Now Tennenbaum was apparently in the position of placing Aron in the picture. He became friendlier; he opened a hidden closet in the bookshelf and took out a cherry liqueur. “I must confess, I’ve been waiting for you for a long time,” he said.
“For me?”
“Not for you personally, but for a man with your qualifications. Of course, selling isn’t a job for you.”
The rest lasted barely half an hour. Tennenbaum outlined his future field of work. He was looking for someone who would keep his books, who would record all the incoming and outgoing movements — “Which is more than you think” — allowing a precise overview of the traffic. Until then, this had been done halfheartedly. He had taken care of this job himself, Tennenbaum said, as a bloody layman with a huge amount of effort and scarce success. “Do you trust you can do the job?”
“Who would I be keeping the books for?”
“For me, naturally. For who else?”
“You don’t understand,” Aron said. “I mean, for the internal revenue, for the tax office, for whom?”
“For me,” Tennenbaum said. “We have nothing to do with the authorities. For me and my overview.”
That simplified the matter enormously, Aron explains to me; there was no difference between gross and net amounts, a Sunday job for trained bookkeepers. Only the question of payment remained open. Aron had almost forgotten it, for him it had been secondary.
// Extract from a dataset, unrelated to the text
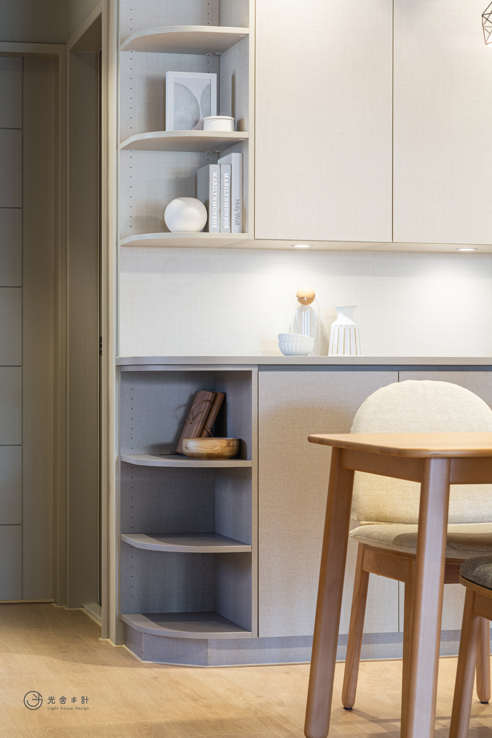 回到生活本質 讓陽光灑滿家,種下溫暖的種子。 設計要更貼近每一天的生活 屋主是一對年輕夫妻及一個超級可愛的小孩,也因為忙錄,在討論設計過程都放在如何工作忙錄之餘,讓房子在生活過幾年之後還是一樣可以輕鬆整理,看起來很舒適。 一進門就順手收納 鑰匙、外套、包包是回到家最需要被隨手收納的東西,一入門矮櫃跟旁邊的高櫃,在安排上就給它們一個家,家裡會顯得很整齊。 給小孩一個畫畫的牆面 孩子愛畫畫,在書房區放了一大堆烤玻,讓孩子習慣在那盡情畫畫,自就不會畫到其他牆面去了。 必備 茶水櫃(上下櫃): 早餐、茶包、營養品、藥品、水、必需雜物⋯這些每天都會使用,需要隨手可以拿得到。在規劃上,避開第一視角,朋友來就算來不及收才不會亂; 並且規劃上下櫃,不但視覺上看起來會乾淨很多,要拿的時候也很方便。 格局狹長調整 是長型的房子,著手天花板的設計去調校空間感。依使用功能分出空間,使用上更舒適,光線灑下更自然。

I feel that’s exaggerated or understated, it could hardly correspond to the truth. I can’t believe that money was such a side issue. “Excuse me, you’re going to have to explain that,” I say.
“What is there to explain?” he asks, irritated as usual because of the interruption. “That’s the way it was.”
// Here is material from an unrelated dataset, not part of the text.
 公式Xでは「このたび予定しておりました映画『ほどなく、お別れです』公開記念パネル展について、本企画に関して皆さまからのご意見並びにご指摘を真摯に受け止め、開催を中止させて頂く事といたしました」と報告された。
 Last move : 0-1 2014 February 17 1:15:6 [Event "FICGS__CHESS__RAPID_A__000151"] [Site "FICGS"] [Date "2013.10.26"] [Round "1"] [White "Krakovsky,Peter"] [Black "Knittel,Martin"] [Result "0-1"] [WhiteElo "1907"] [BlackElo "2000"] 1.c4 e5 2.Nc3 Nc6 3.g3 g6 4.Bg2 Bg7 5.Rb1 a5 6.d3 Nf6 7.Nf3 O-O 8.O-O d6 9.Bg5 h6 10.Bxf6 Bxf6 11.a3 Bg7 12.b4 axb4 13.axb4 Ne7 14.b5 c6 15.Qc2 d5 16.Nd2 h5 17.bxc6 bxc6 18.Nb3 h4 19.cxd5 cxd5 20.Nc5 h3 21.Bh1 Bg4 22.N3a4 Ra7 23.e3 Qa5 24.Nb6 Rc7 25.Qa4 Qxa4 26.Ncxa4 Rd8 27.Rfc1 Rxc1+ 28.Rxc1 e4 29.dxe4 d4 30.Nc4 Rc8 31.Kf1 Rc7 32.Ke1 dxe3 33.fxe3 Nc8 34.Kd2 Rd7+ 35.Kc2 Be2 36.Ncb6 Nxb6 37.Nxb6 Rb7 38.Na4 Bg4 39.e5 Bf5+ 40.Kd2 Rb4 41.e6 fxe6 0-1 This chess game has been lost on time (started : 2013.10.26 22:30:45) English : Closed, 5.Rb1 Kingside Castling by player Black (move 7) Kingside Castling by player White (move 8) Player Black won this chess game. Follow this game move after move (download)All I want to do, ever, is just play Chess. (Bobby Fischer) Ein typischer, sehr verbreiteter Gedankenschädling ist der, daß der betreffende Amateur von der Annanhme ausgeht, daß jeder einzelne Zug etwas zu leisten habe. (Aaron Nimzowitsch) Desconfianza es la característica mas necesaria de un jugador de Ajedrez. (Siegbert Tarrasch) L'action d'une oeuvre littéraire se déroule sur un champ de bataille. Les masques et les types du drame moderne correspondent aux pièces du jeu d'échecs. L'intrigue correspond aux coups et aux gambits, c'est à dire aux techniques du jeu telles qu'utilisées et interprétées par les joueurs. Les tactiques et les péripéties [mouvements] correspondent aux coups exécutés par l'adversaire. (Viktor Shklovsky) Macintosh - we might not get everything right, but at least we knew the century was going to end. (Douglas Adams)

“The pay couldn’t have been secondary to you. On the contrary. I would understand if you had tried to get as much out of it as you possibly could. I keep hearing how anxious you were to catch up. How does that fit?”
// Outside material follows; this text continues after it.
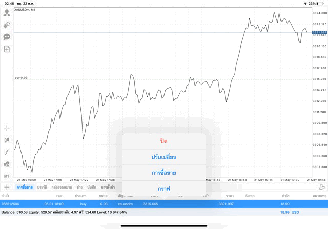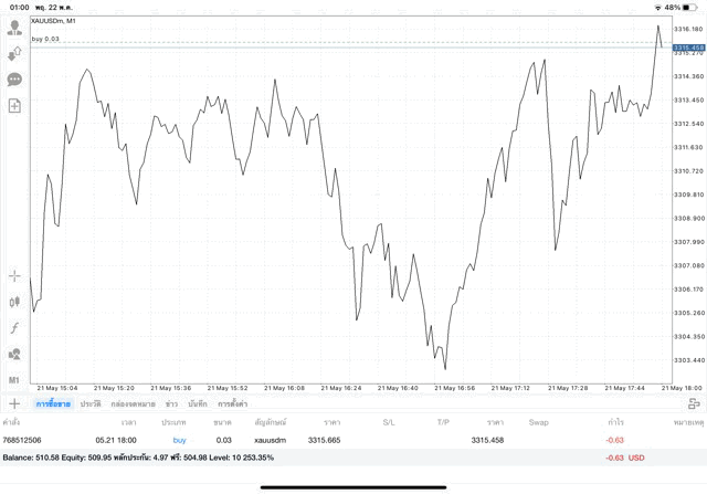 การเทรด XAUUSDm (ทองคำ) 0.03 lot แอพ Mt4

“Who did you hear that from? From me?”
“If you like, not from you, but wasn’t that so? Didn’t you have an overwhelming desire to catch up?”
I mustn’t always get in his way with my assumptions, Aron says. And I should not bother him with what I pick up from others. “If you really want to know, it was the other way around. I didn’t want more and more; on the contrary, I was satisfied with so little that I thought I was touched in the head. In fact, I wasn’t right in the head; the last few years had muddled my sense of priorities. I felt as if I was in paradise. A good-looking woman, an apartment, a rediscovered child, enough to eat — had I dared to imagine such luck in the camp?” he asks. “And with all this, I would stand there and haggle over money?”
In the end, Tennenbaum got around to discussing the salary only just before they parted. That late, because he evidently expected Aron to bring up the subject, but he had no other choice. He made him two offers — his decision — one was two thousand marks a month, the other was a one percent share in the total profit. By his calculation, he said, they both amounted more or less to the same thing. “I want to earn a decent wage but not to your disadvantage, as you can see. Not on my people,” he said.